# That moment you can't stop listening to.



## beetzart (Dec 30, 2009)

How many moments in any particular piece in multiple pieces are there that you have to keep playing back and back? It might be a simple chord progression, a phrase, a bar or two, a short melody, a heartbreaking piece of harmony, anything small. 

I have just listened to Alkan's Symphony for Piano in C minor 1st mov. Great piece I highly recommend it but the ending to me is something special. The last two chords do it for me. It seems to appear to end on a picardy third C major chord then out of nothing comes the final 'death' chord in C minor to complete the movement on a very sombre tone. 

Also, the transition from the scherzo to the finale in Beethoven's 5th symphony. 

The coda to the last movement of Beethoven's C sharp minor 14th string quartet, which is three wonderful C sharp major chords, picardy thirds obviously. 

The coda of Beethoven's string quartet 15th in A minor 1st movement.


----------



## hpowders (Dec 23, 2013)

I like to listen to works in totality. However when I'm listening to Bach's WTC, Book One, I can't ever seem to be able to get past the Prelude & Fugue in A Major BWV 864. It is so extroverted and joyous, that I have to encore it once or twice or...


----------



## pcnog11 (Nov 14, 2016)

beetzart said:


> How many moments in any particular piece in multiple pieces are there that you have to keep playing back and back?
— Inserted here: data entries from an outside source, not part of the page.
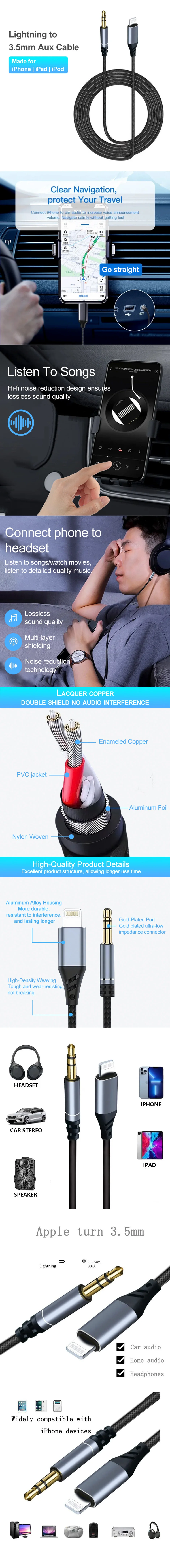 Dispositivo Compatible-Los cables de audio del coche son compatibles con Apple iPhone 13/13 Mini/13 Pro/13 Pro Max/12/12 Mini/12 Pro/12 Pro Max/SE/11 Pro Max/11 Pro/11/XS Max/XR/X/8/8 Plus/7/7 Plus, iPad Pro/Aire/Mini, El iPod toca sexta generación y así sucesivamente.
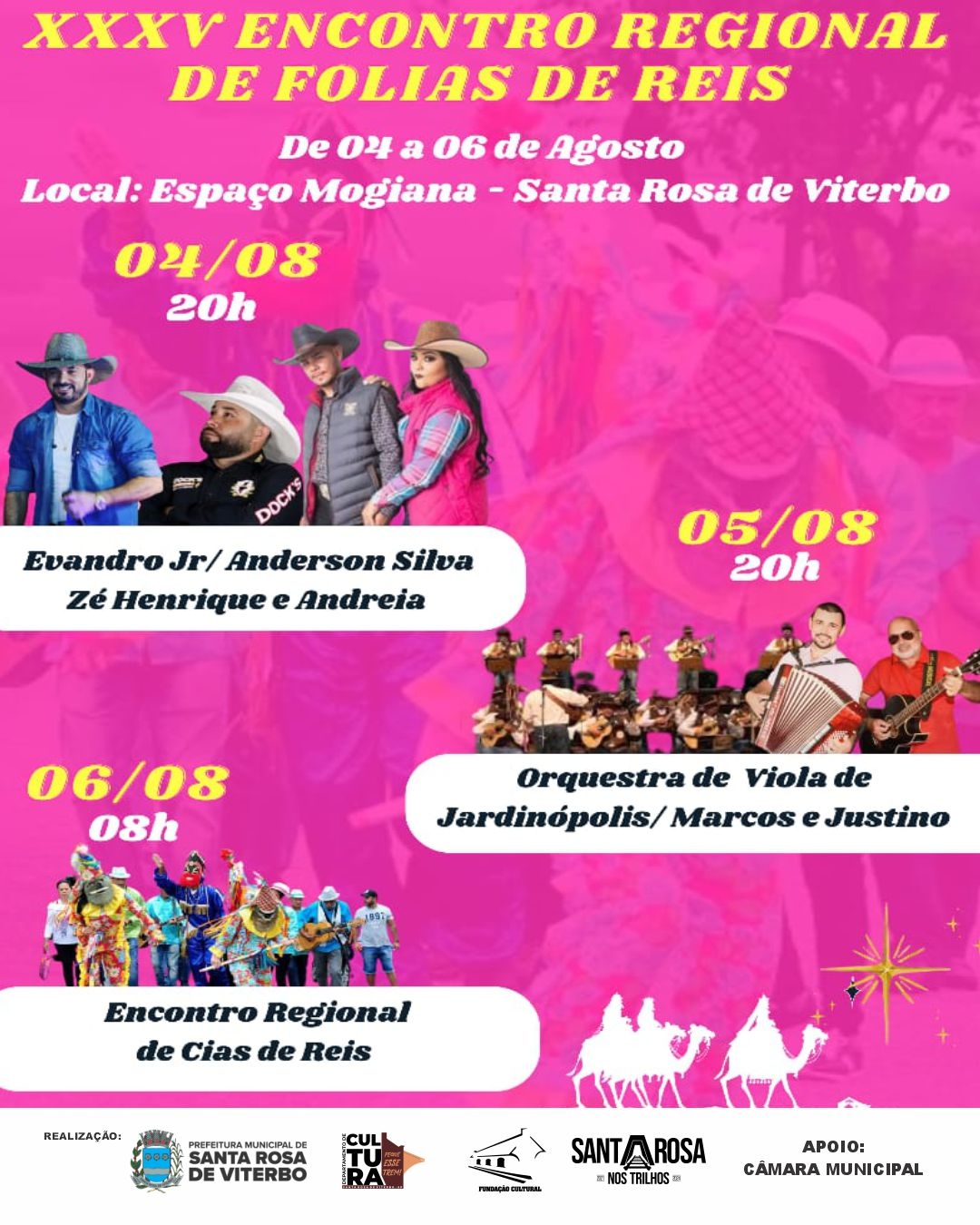 Logo após a Orquestra de Viola de Jardinópolis e a dupla santa-rosense, Marcos e Justino, sobem ao palco para agitar a noite do sabadão e, no domingo, acontece o 35º Encontro de Reis de Santa Rosa de Viterbo, um dos mais tradicionais eventos culturais e religiosos de nossa cidade e da região. São aguardadas cerca de 30 companhias do Estado de São Paulo e do Sul de Minas para as apresentações que começam a partir das 08h00 da manhã.
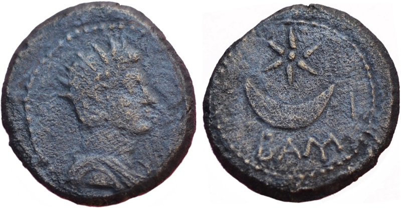 Звезда и полумесяц, внизу ΒΑΜ, справа Ι .
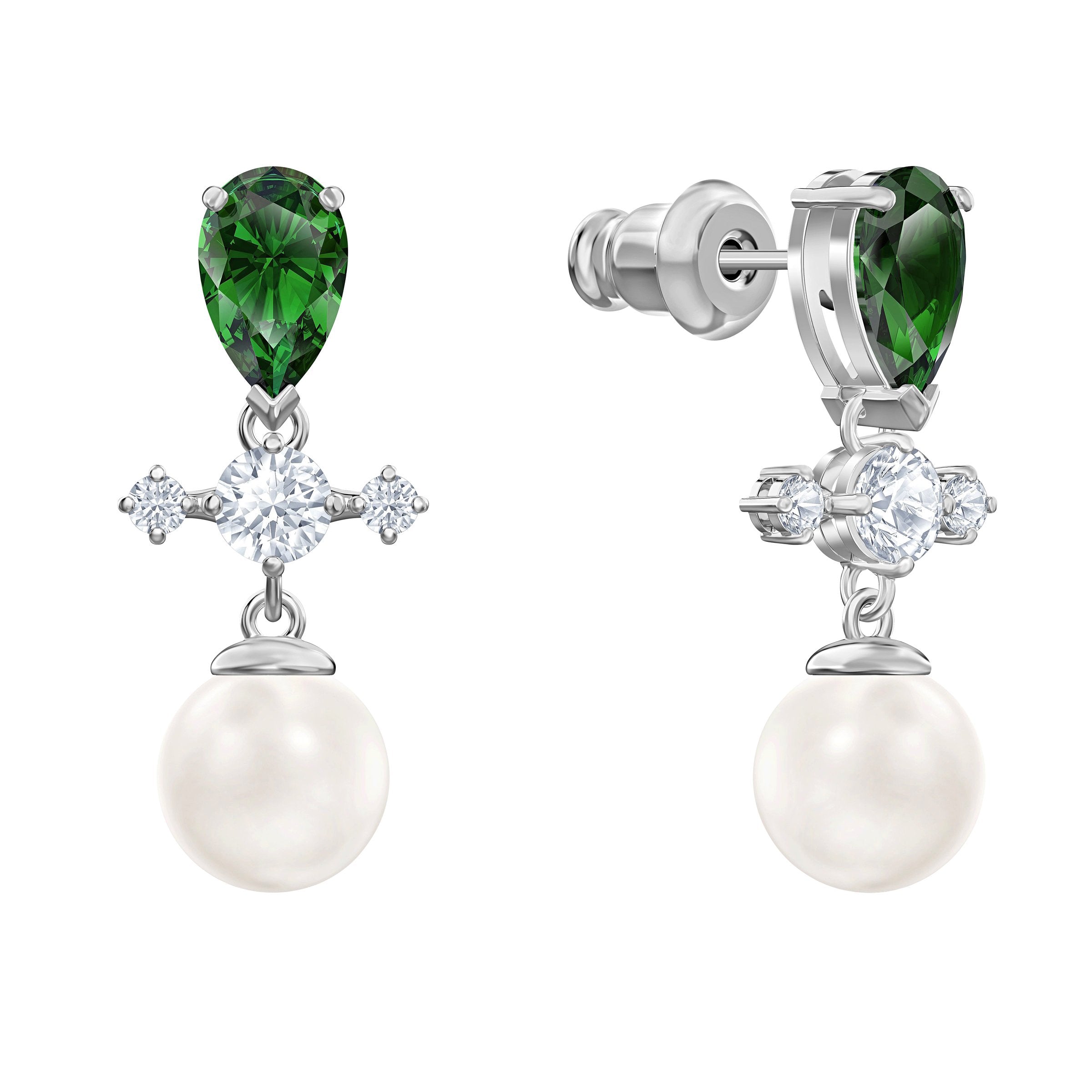 Our rhodium plated Perfection collection is inspired by the latest trends in contemporary jewelry design. This exquisite pair of drop pierced earrings brings together a mix of materials, including green-colored stones and classic Crystal Pearls. Radiant and timeless, they will lift any daytime or evening outfit.Article no.:5489440
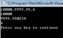 main(){ int a; float b; char c; scanf("%d%f%c",&a,&b,&c); printf("%d\n%f\n%c\n",a,b,c);}

It might be a simple chord progression, a phrase, a bar or two, a short melody, a heartbreaking piece of harmony, anything small.
> 
> Also, the transition from the scherzo to the finale in Beethoven's 5th symphony.


Absolutely! This is the greatest transformation of music!

One piece that stick out in my mind that would like to be played again and again is the first couple of minutes of Vitali Chaconne. The melody grabs you heart and stir up emotions! Here is the link that is played by Heifetz:


----------



## beetzart (Dec 30, 2009)

hpowders said:


> I like to listen to works in totality. However when I'm listening to Bach's WTC, Book One, I can't ever seem to be able to get past the Prelude & Fugue in A Major BWV 864. It is so extroverted and joyous, that I have to encore it once or twice or...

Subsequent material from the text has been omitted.